3.3.2 A Concrete Example with 8 GPUs

Let's trace through with our Llama-70B setup. We have 8 GPUs, 8 KV heads, and 1M tokens (125K per GPU):

SETUP:
  8 GPUs, 8 KV heads (GQA), 64 query heads
  Each GPU starts with 125K tokens, all 8 KV heads

BEFORE All-to-All (for K tensor — same logic applies to V):
────────────────────────────────────────────────────────────
GPU 0: tokens [0-124K],   KV heads [H0, H1, H2, H3, H4, H5, H6, H7]
GPU 1: tokens [125K-249K], KV heads [H0, H1, H2, H3, H4, H5, H6, H7]
GPU 2: tokens [250K-374K], KV heads [H0, H1, H2, H3, H4, H5, H6, H7]
...
GPU 7: tokens [875K-999K], KV heads [H0, H1, H2, H3, H4, H5, H6, H7]

Each GPU has: [1, 125K, 8 heads, 128 dim]

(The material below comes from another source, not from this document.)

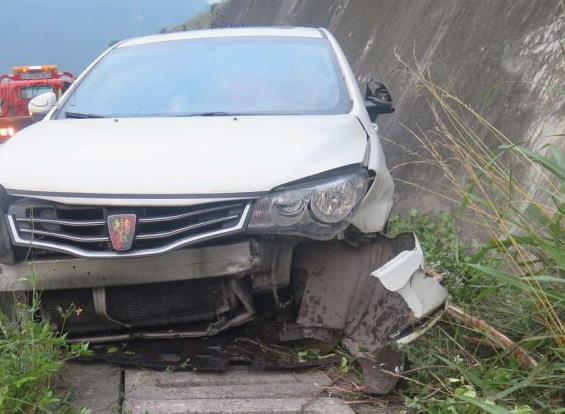 近日,在沪渝南线高速路上,一辆小轿车在经过荔枝乌江大桥附近时,突然失控,冲出高速路。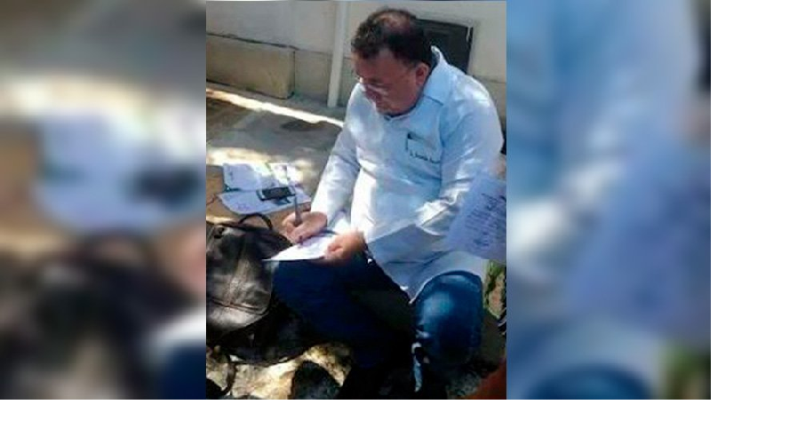 O médico Bernardo Amorim atendeu os pacientes debaixo de uma árvore nesta semana. O atendimento ocorreu em frente ao posto que estava fechado, e só iria abrir às 14h, mas como o médico chegou antes e viu que haviam muitas pessoas esperando em frente ao local, resolveu dar início ao atendimento lá mesmo, na calçada, embaixo de uma árvore.

Now the All-to-All redistributes. GPU 0 keeps its H0 data from all GPUs, GPU 1 keeps H1, etc.:

ALL-TO-ALL COMMUNICATION:
─────────────────────────
GPU 0 keeps H0 for its tokens, sends H1→GPU1, H2→GPU2, ... H7→GPU7
GPU 1 sends H0→GPU0, keeps H1 for its tokens, sends H2→GPU2, ... H7→GPU7
GPU 2 sends H0→GPU0, H1→GPU1, keeps H2 for its tokens, ... H7→GPU7
...
GPU 7 sends H0→GPU0, H1→GPU1, ... H6→GPU6, keeps H7 for its tokens

Each GPU sends 7/8 of its data and receives 7/8 from others.

AFTER All-to-All:
─────────────────
GPU 0: ALL tokens [0-999K], head H0 only
  K = | tokens 0-124K H0   |  ← kept locally
      | tokens 125K-249K H0 |  ← received from GPU 1
      | tokens 250K-374K H0 |  ← received from GPU 2
      | ...                  |
      | tokens 875K-999K H0 |  ← received from GPU 7

GPU 1: ALL tokens [0-999K], head H1 only
GPU 2: ALL tokens [0-999K], head H2 only
...
GPU 7: ALL tokens [0-999K], head H7 only

Each GPU has: [1, 1M, 1 head, 128 dim]

3.3.3 Memory Stays the Same

Let's verify that the total memory per GPU doesn't change:

BEFORE All-to-All (per GPU):
  Q: [1, 125K tokens, 64 heads, 128 dim] × 2 bytes
  Elements: 125,000 × 64 × 128 = 1,024,000,000
  Memory: 1,024,000,000 × 2 = 2.05 GB

AFTER All-to-All (per GPU):
  Q: [1, 1M tokens, 8 heads, 128 dim] × 2 bytes
  Elements: 1,000,000 × 8 × 128 = 1,024,000,000
  Memory: 1,024,000,000 × 2 = 2.05 GB

Same! 125K × 64 = 1M × 8 = 8,000,000 head-token pairs per GPU

For K and V (GQA — 8 KV heads):
  Before: [1, 125K, 8, 128] = 0.26 GB per GPU
  After:  [1, 1M, 1, 128]   = 0.26 GB per GPU
  Also the same!

All-to-All is a pure redistribution — no data is created or destroyed. It's like rearranging cards in a deck: the total number of cards stays the same, but they're organized differently.

3.4 The Full Ulysses Forward Pass

Now let's trace through an entire transformer layer with Ulysses. We'll track the tensor shapes on each GPU at every step.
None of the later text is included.